In the Marine segment, sales were $126.5 million as both Barletta and Chris-Craft continued to perform well. In particular, the Barletta brand continued to outperform expectations and deliver growth and margins accretive to the Winnebago Industries portfolio. The Marine segment’s adjusted EBITDA of $19.8 million was $18.2 million higher than the same period last year, and the adjusted EBITDA margin was 15.7 percent, 620 basis points higher than last year, reflecting the addition of Barletta and improvements at Chris-Craft.
Happe said RV unit sales were up approximately 7 percent compared to last year, “which is particularly notable since the third quarter of fiscal 2021 was during the height of the pandemic-driven demand spike.”
He added, “Our retail results also continued to outpace the industry, gaining share across both our RV segments and pontoon boats and growing our overall pipeline of loyal customers.”
On a fiscal year-to-date basis, Winnebago’s RV retail market share is 13.2 percent, or plus 70 basis points, versus last year.
In the Marine segment, Barletta grew its retail market share in pontoon boats to 6.6 percent, up 1.6 percentage points ahead of last year on a trailing three-month basis through April 2022. Said Happe, “We are incredibly pleased with the performance and integration of the Barletta business. Since the close nine months ago, it has exceeded expectations.”

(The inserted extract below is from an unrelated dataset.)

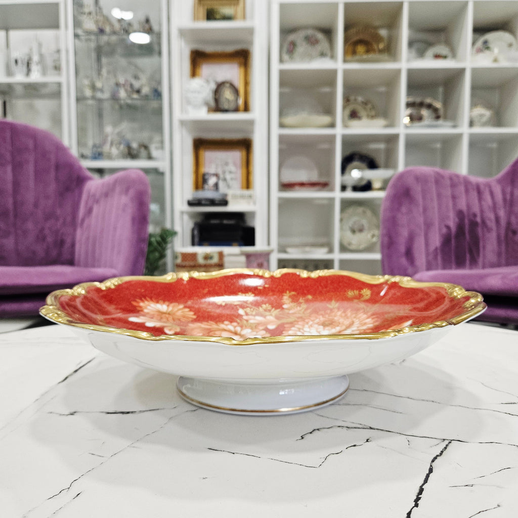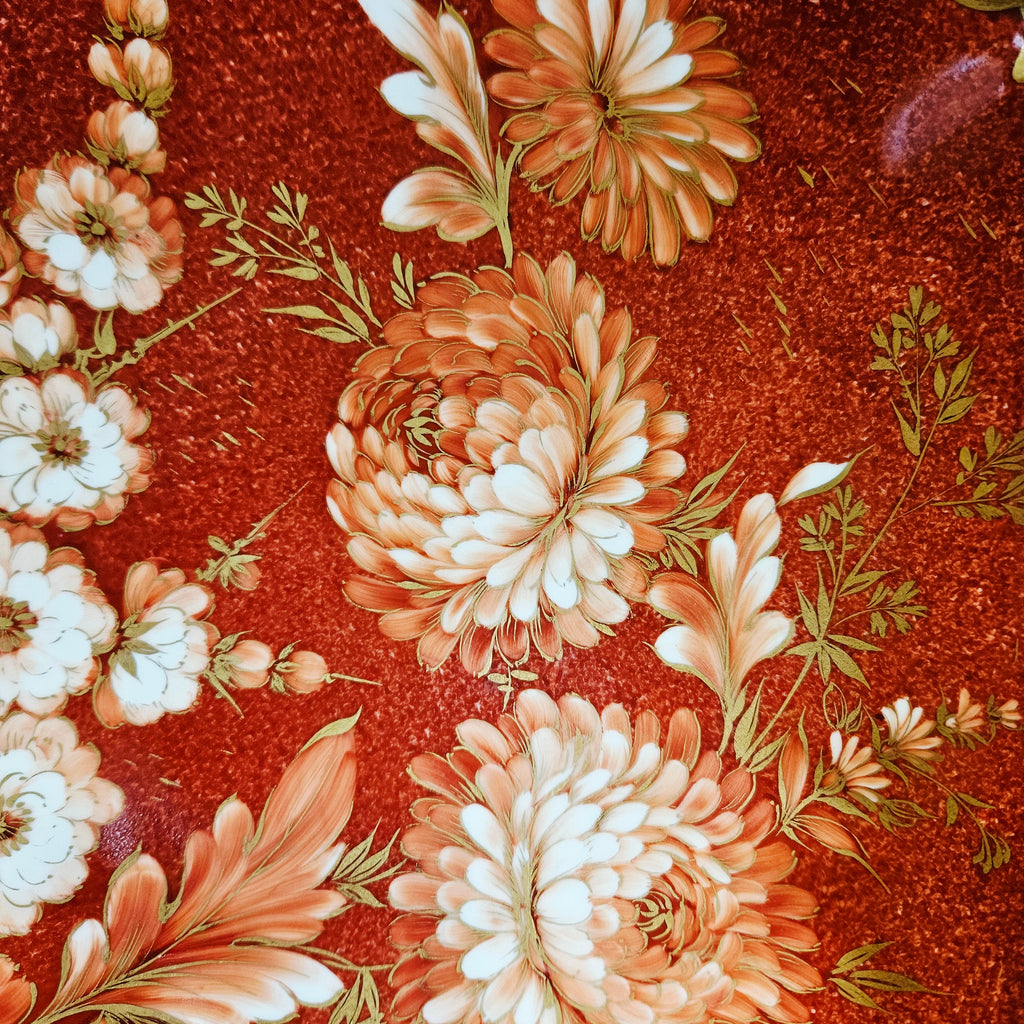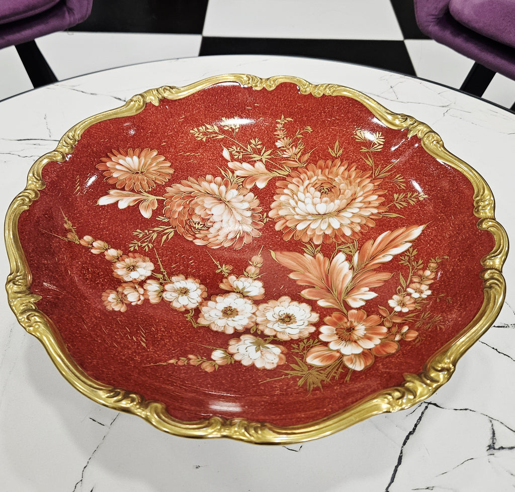 Die handgemalte Komposition mit Blüten in satten Tönen auf rotem Grund wird durch 24 Karat Golddetails und einen geprägten Goldrand zart ergänzt.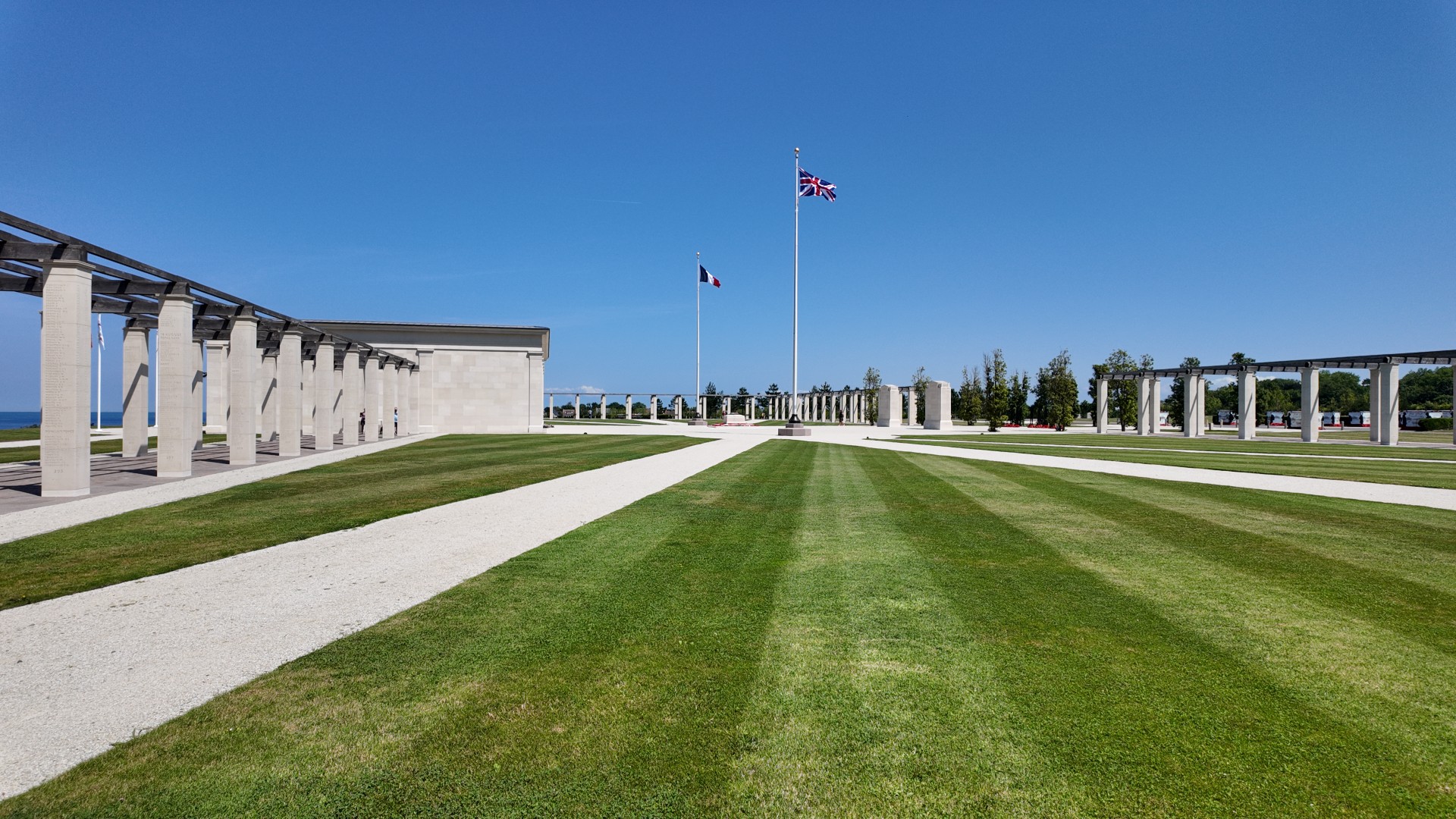 1) British Normandy Memorial: The British Normandy Memorial is a memorial in Ver-sur-Mer. It commemorates the 22,442 British and British Special Forces troops who fell during D-Day (June 6, 1944) and the Battle of Normandy (until August 31, 1944). Their names are engraved on 160 white pillars, arranged by date of death. It is the only memorial in Normandy where all the names of the British landing section "Gold Beach" are listed together. From the monument, there is a panoramic view of the sea and the beaches, allowing visitors to literally look out over the place where history took place. Flags and information panels also refer to other landing beaches such as Omaha and Utah Beach, to demonstrate the joint Allied effort. The memorial opened on June 6, 2021, and serves as a central place of remembrance, reflection, and education about Britain's role in the liberation of Europe. Admission to the memorial is free.

Asked by an analyst about a continued interest in the outdoor lifestyle with air travel and other leisure options returning, Happe said, “We are seeing no decrease in consumer participation in the outdoors. Campgrounds are full. Reservations into the future are full. Marinas are full. It’s tough to get a boat slip almost anywhere in the country these days. Rentals are still strong. We are seeing what they are calling on near occasions on the rental side. Consumers are traveling less or less distance because of gas prices, but they are still participating. So, if anything, we have seen an adjustment because of probably gas and food inflation to how people are traveling in terms of RVing and boating, but we do not see a decline in any interest. And I will remind everybody that the cost of an RV for a trip still compares very favorably to the cost of a trip where you have to jump on a plane and stay in a hotel and reserve a rental car. We continue to be a pretty economically viable option for people who want to spend time outdoors, especially from a renting standpoint and existing ownership standpoint. So we understand those other choices are coming back, and that may have some influence on discretionary spending without a doubt, but we are not seeing consumer interest and engagement in the outdoors decline.”